GMPヒューマンエラー防止のための文書管理【第16回】

GMPヒューマンエラー防止のための文書管理

問題意識


※関連セミナー開催(2019年4月)
GMPヒューマンエラー防止のための文書管理
 

1.責任転嫁とやるべき論
 製造所からの出荷可否判定は、製造記録及び試験検査成績書に問題のないことを確認して、決定される。出荷可否判定書とともに製造記録と試験検査成績書を束ねて保管される施設もあろう。では、保管についての責任は規定され、責任部署が明確にしているか確認が必要である。データインテグリティが叫ばれる中、紙面としての記録の保管方法も重要である。文書の保管場所は施錠をし、セキュリティー管理をすることが求められる。バックアップも必要である。もし、火災などが起きた時、記録が紛失することがあってはならない。バックアップをしないならば、耐火性の金庫で保管する方法もある。しかし、海岸近くの製造所であれば、津波対策も必要である。その保管方法について、誰が責任を持つかを決めることが必要である。過去の査察の経験の中で、製造記録と品質記録を束ねており、判定記録が製造だ、試験だともめてしまったケースもあった。結局は、提示されたが、QA業務では、GQPとしてのコーポレートとGMPとしてのサイト側との連絡におけるミスマッチもある。納品が迫っているからと焦る製造部門と変更や逸脱がクローズしていないとぐずぐずするQA部門が責任をなすりつけることもあろう。安定供給のためと迫る製造側と品質の確認ができないと突っ張る品質側とどちらが悪いのだろうか考えてもらいたい。どちらも責任があり、やるべきことをやらなければならない。製販としても品質情報をGQPとして処理するか、GVPとして処理するか、最初の窓口はどちらにするかなど些細なことでの責任転嫁は生じる。責任を明確にし、抜け落ちてしまう事象がないようにカバーすることが重要である。

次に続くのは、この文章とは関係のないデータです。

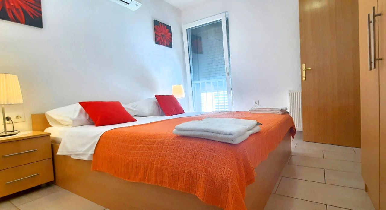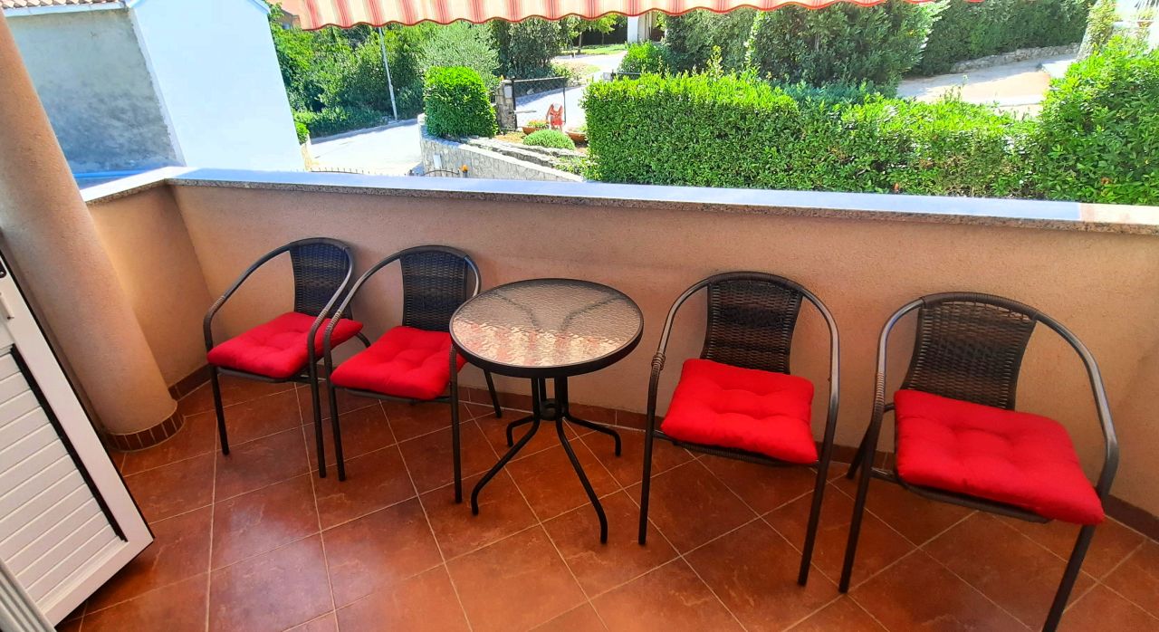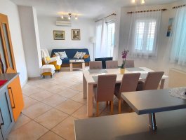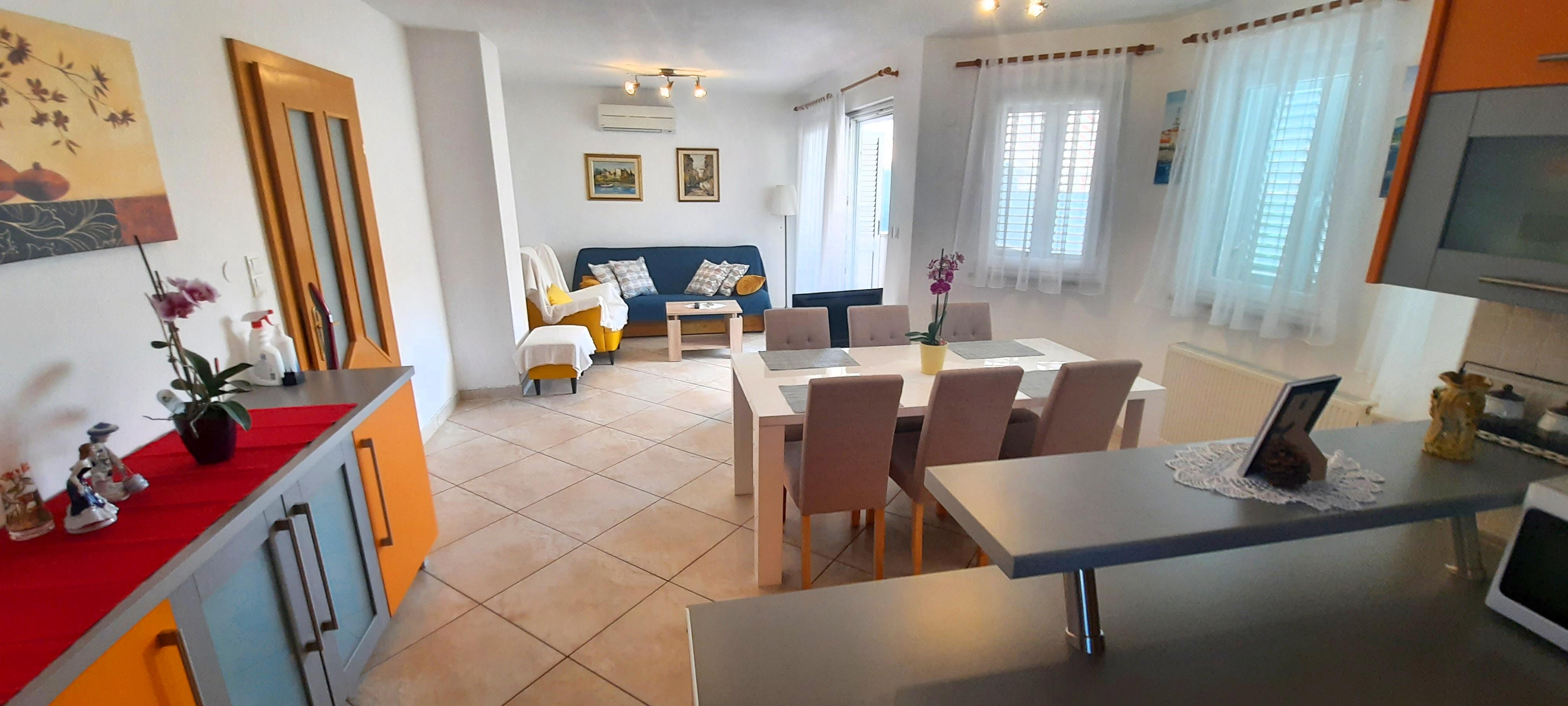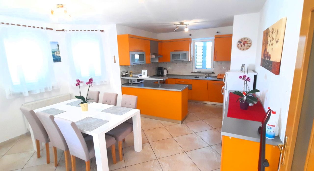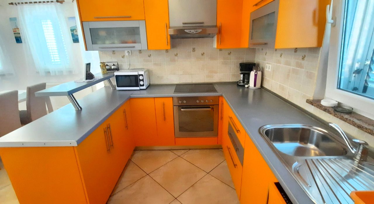 Kuhinja : kuhinjska niša, stol i stolice za sve osobe, posuđe za kuhanje te pribor za jelo u apartmanu, kuhinjske krpe uključene, električni štednjak, pećnica, hladnjak sa zamrzivačem, filter aparat za kavu, perilica suđa.

開発に関する内容はGMPの範疇ではないと主張する方も多いが、ICH Q10医薬品品質システムで求められているように、医薬品品質システムは開発から終売までのライフサイクルとして管理しなければならない。適合性調査では、開発時の工業化検討や技術移管文書は当然のごとく確認される。医薬品製造業者として、一貫したシステムの中で管理されなければならない。そのシステムを維持するために経営陣は責任を持たなければならないことが、ICH Q10に記載されている。
 
 

 GMPの記録類には多くのチェック項目がある。その一つ一つを承認者がすべてダブルチェックをするのは限界がある。出荷可否判定者が製造記録や試験検査成績書の全部を見る、まして、生データまで確認することは不可能であろう。そのために、チェックが有効に働くようチェックする範囲を責任者ごとに明確にして、責任を持たせることは重要である。最後に判定者が見るからと、なおざりなチェックを繰り返しても意味がない。生デーではだれが見るか、ダブルチェック者はだれがしたかの確認をするのもチェックである。必要以上に、ダブル、トリプルとチェックを重ねれば、各自の責任が不明確になり、チェックが有効に働かなくなる。現場のリーダー、工程責任者、製造部門責任者とチェックすべき項目を明確にし、チェックの見逃しを減らす体制を構築することが、ヒューマンエラー防止につながる。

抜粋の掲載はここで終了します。